Frage von elilenz, 142

Kann Schlafmangel zu Konzentrationsschwierigkeiten und Sprachproblemen führen?

Hallo liebe Ratgeber-Gemeinde,

ich hätte mal eine Frage zu einem Problem, welches mich schon seit längerem beschäftigt.

Zuerst ein paar Daten von mir:

Ich bin 44 Jahre alt, männlich, leider ziemlich unsportlich und etwas Übergewichtig. Ich leide an einer kleinen Angststörung, welche mal mehr, mal weniger störend ist. Mein Blutdruck wurde bei regelmäßiger Kontrolle (beim Hausarzt in Ruhe) meistens zwischen 135-150(Systolisch) und 85-95(diastolisch) gemessen. Es gab auch schon ein paar Ausreißer bis 170 aber die hatten dann meist auch einen nervösen Hintergrund. Laut Aussage meines Kardiologen und auch des Hausarztes sollte dies mit etwas mehr Bewegung zu ändern sein. Seit langer Zeit leide ich auch an Schlafstörungen (mal mehr/mal weniger) und bin dadurch am Tage oft Müde und abgespannt. Ich meinem Job werde ich Körperlich auch nicht sehr gefordert (meist nur sitze Tätigkeit).

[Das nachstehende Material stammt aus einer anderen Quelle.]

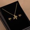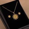 Stainless Steel Heart Necklace Set: Geometric Sunflower & Cross Clavicle Chains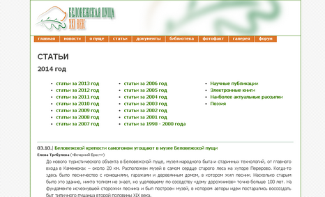 Сайт посвящен Беловежской пуще — единственному крупному остатку первичных реликтовых равнинных лесов на Европейском континенте — и проблемам ее сохранения. На сайте представлены полнотекстовые электронные книги, статьи и документы, аналитика и дискуссии. Размещена информация о заповедниках, национальных парках и других особо охраняемых природных территориях Беларуси, об актуальных проблемах охраны дикой природы, сохранения биоразнообразия, экологического образования и туризма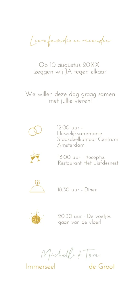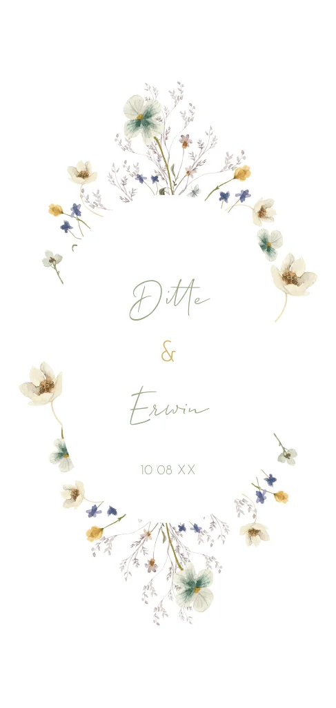 Een mooie staande uitnodiging met waterverf bloemetjes in zachte kleuren. Deze kaart kun je eenvoudig zelf bewerken door de teksten en het lettertype aan te passen. Plaats naar wens een leuke foto van jullie samen!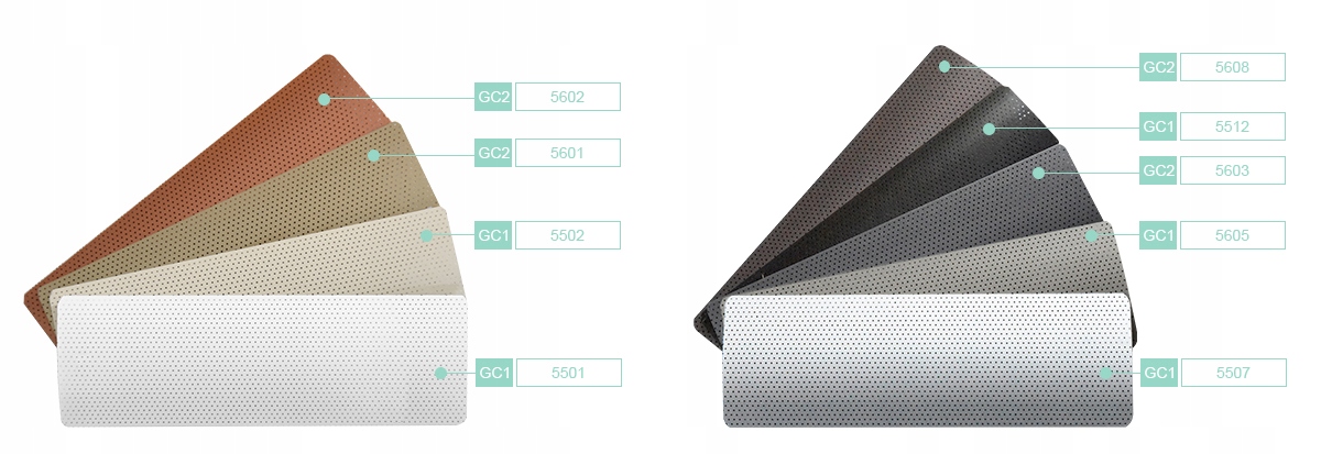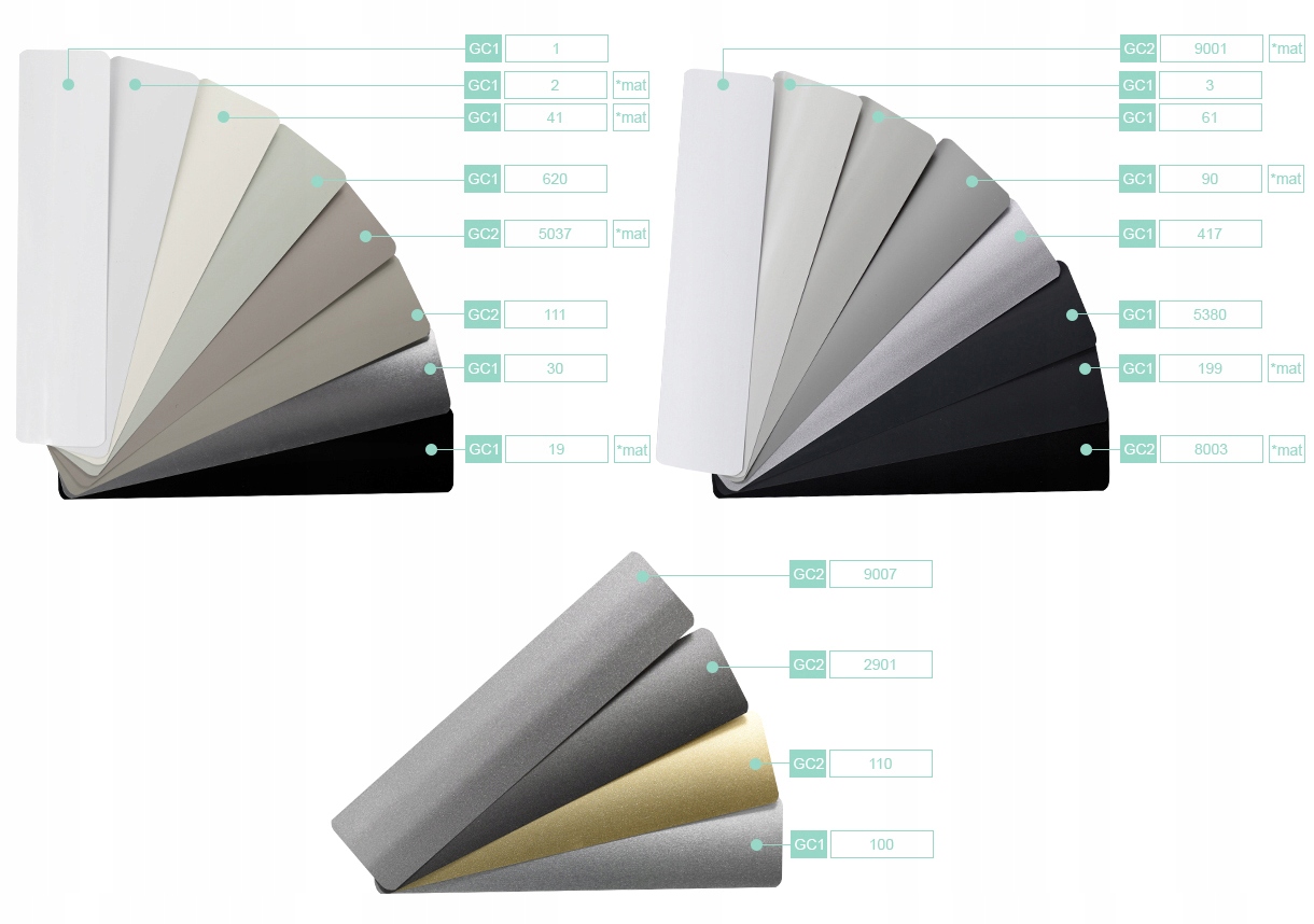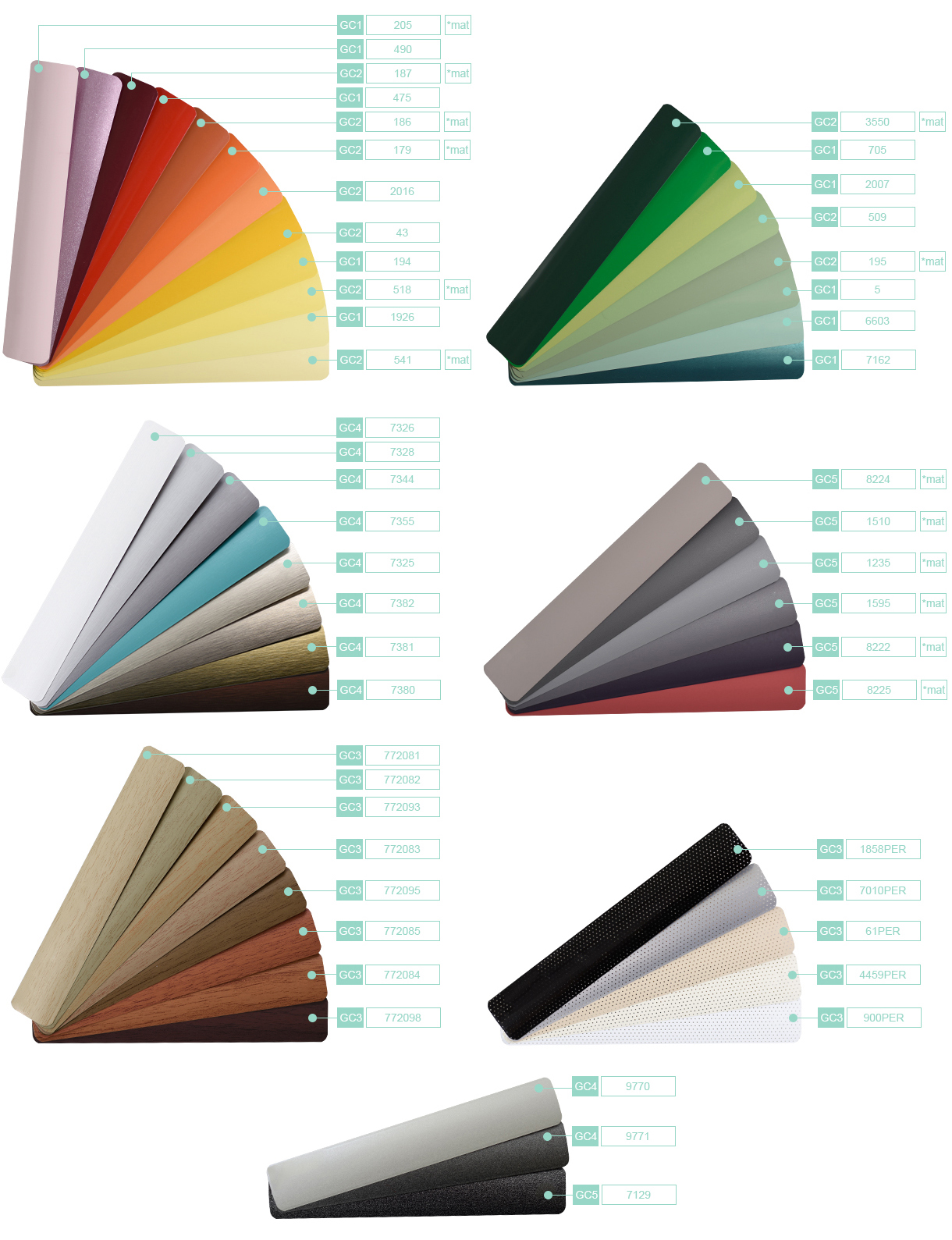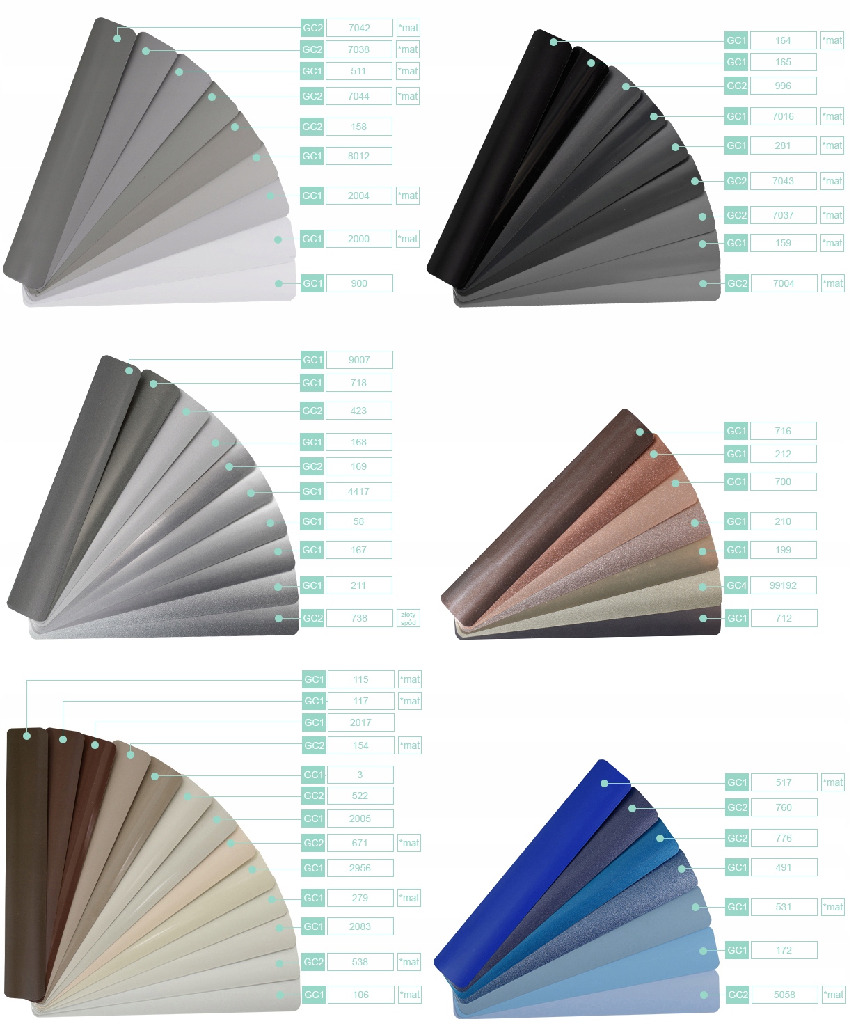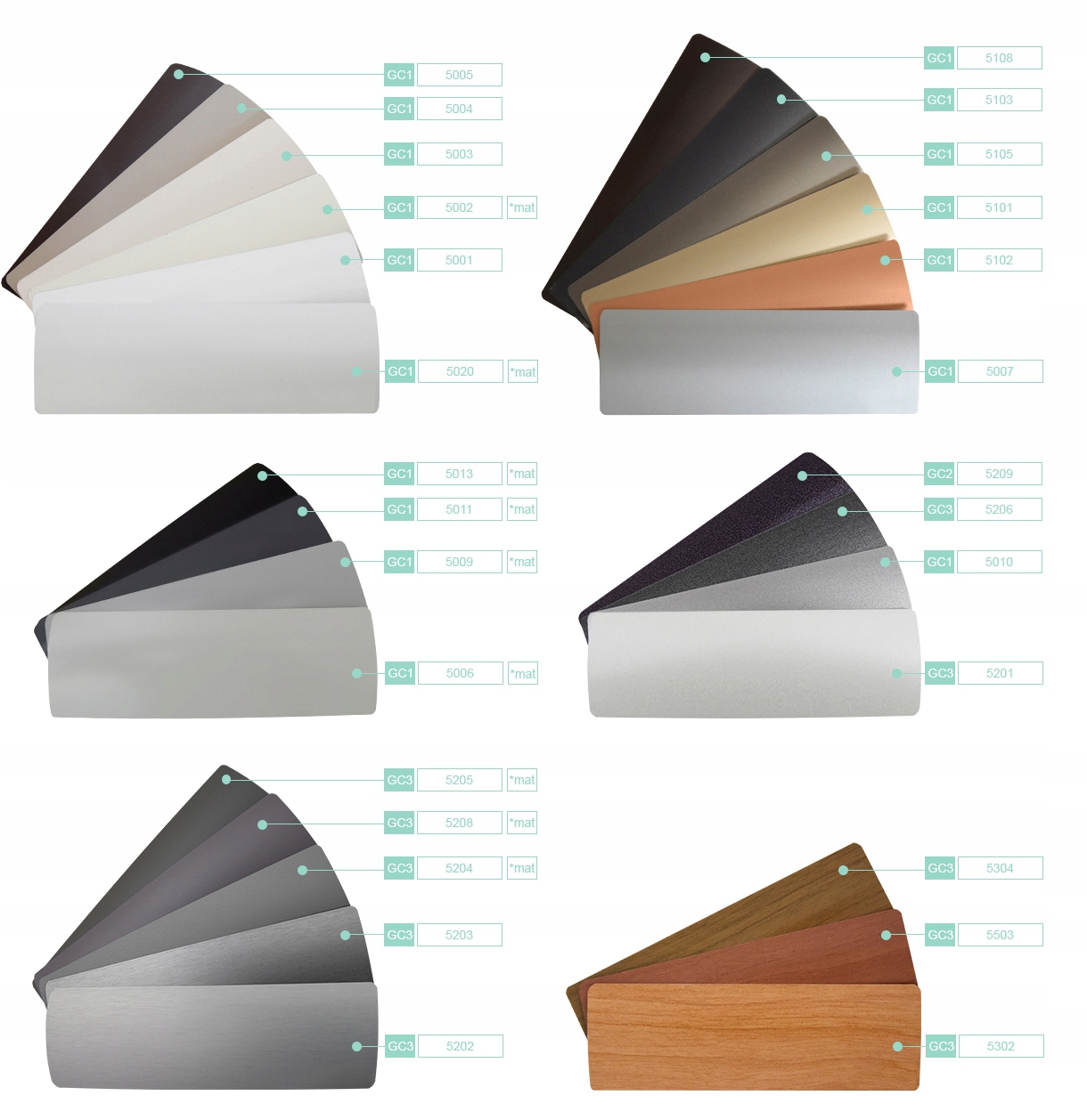 Алюмінієві жалюзі доступні в чотирьох розмірах: 16 мм, 25 мм, 35 мм і 50 мм. Кольори доступні в різних цінових групах (GC1 - найдешевший GC5 - найдорожчий).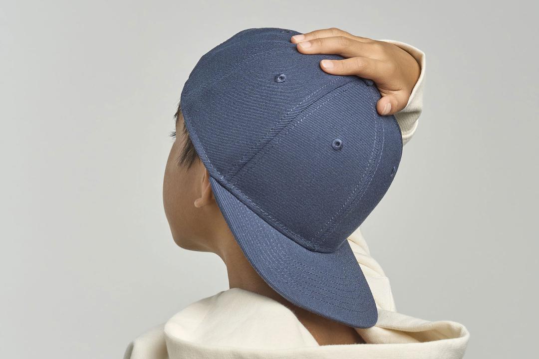 Streetwear style in kid size that features flat visor and recycled snapback closure. It is made of recycled polyester twill.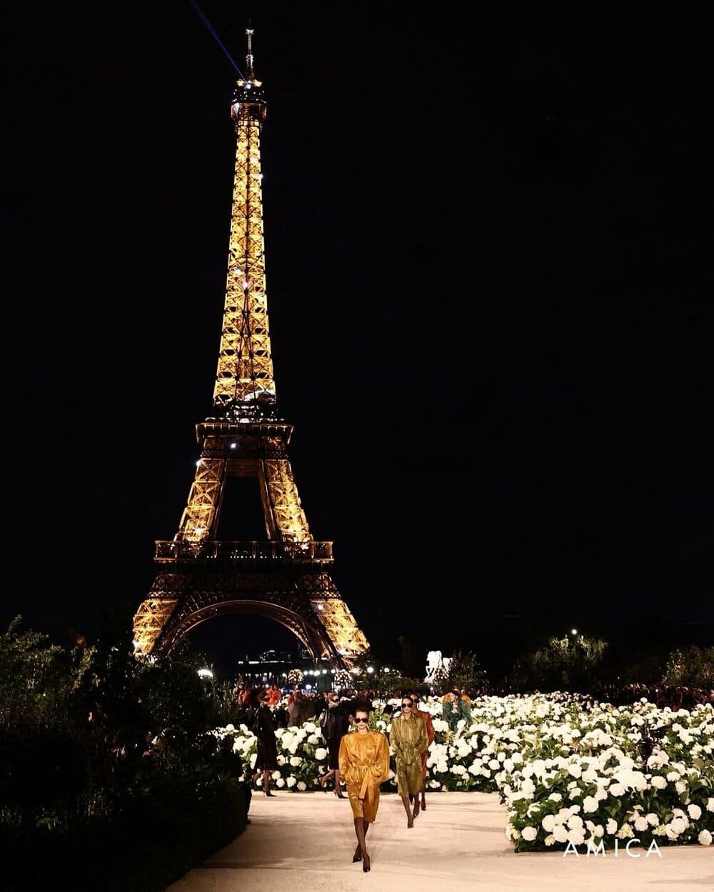 Paris về đêm luôn đồng nghĩa với Yves Saint Laurent. Và tại Trocadéro – quảng trường rộng lớn nhìn thẳng ra tháp Eiffel, nơi từ lâu đã gắn liền với những khoảnh khắc lịch sử của nước Pháp – Anthony Vaccarello đã dựng nên một sân khấu mộng mị nhưng cũng đầy nguy hiểm. Tháp Eiffel lấp lánh trong đêm, ánh sáng phản chiếu xuống mặt đá xám của quảng trường, trong khi cả khu vườn được phủ kín bởi hàng ngàn bông cẩm tú cầu trắng, xếp thành chữ YSL khổng lồ như một lời tuyên ngôn khắc lên nền trời Paris. Từ drone trên cao, khung cảnh hiện ra như một thước phim điện ảnh, gợi lại huyền thoại Saint Laurent những năm 1970–80 khi Paris by night đồng nghĩa với sự phóng túng, gợi tình và xa hoa.

Nun zu meinem eigentlichen Problem:

Seit längerem habe ich festgestellt, das ich häufig leichte Konzentationsschwierigkeiten und auch Sprachprobleme habe. Es mach sich bemerkbar durch gelegendliches Verwechseln von Wörtern und Buchstaben oder ein Wort fällt mir gar nicht ein. Es ist jetzt nicht dramatisch. Ich kann mich immer noch gut verständigen aber ich muß mich manchmal schon stärker auf die Sätze konzentrieren, welche ich sagen will. Wie gesagt, nicht immer aber schon des Öfteren. Gestern habe ich ein Wort einfach nicht heraus bekommen, obwohl ich genau wusste was ich sagen wollte. Das ging nur ca. 5 Sekunden hat aber zu einem richtigen Angstschub geführt. Mein Gegenüber hat dies nicht mitbekommen, da ich den Satz dann schnell anders formuliert habe. Später hab ich das besagte Wort bewusst häufiger verwendet. Das ging problemlos.

Nun zu meiner Frage:

Können diese Sympthome durch die oben geschilderten Übermüdungs-Probleme auftreten? Kennt evtl. jemand dieses Phänomen. Vielleicht sogar aus eigener Erfahrung? Ich vermute, es liegt an meiner Übermüdung, hätte aber gern mal ein paar Meinungen. Wenn man die Suchfunktion im Netz bemüht, dann kommt (ausser schlimmster Diagnosen) nix Brauchbares bei raus. Nicht gut für mein ängstliches Gemüt.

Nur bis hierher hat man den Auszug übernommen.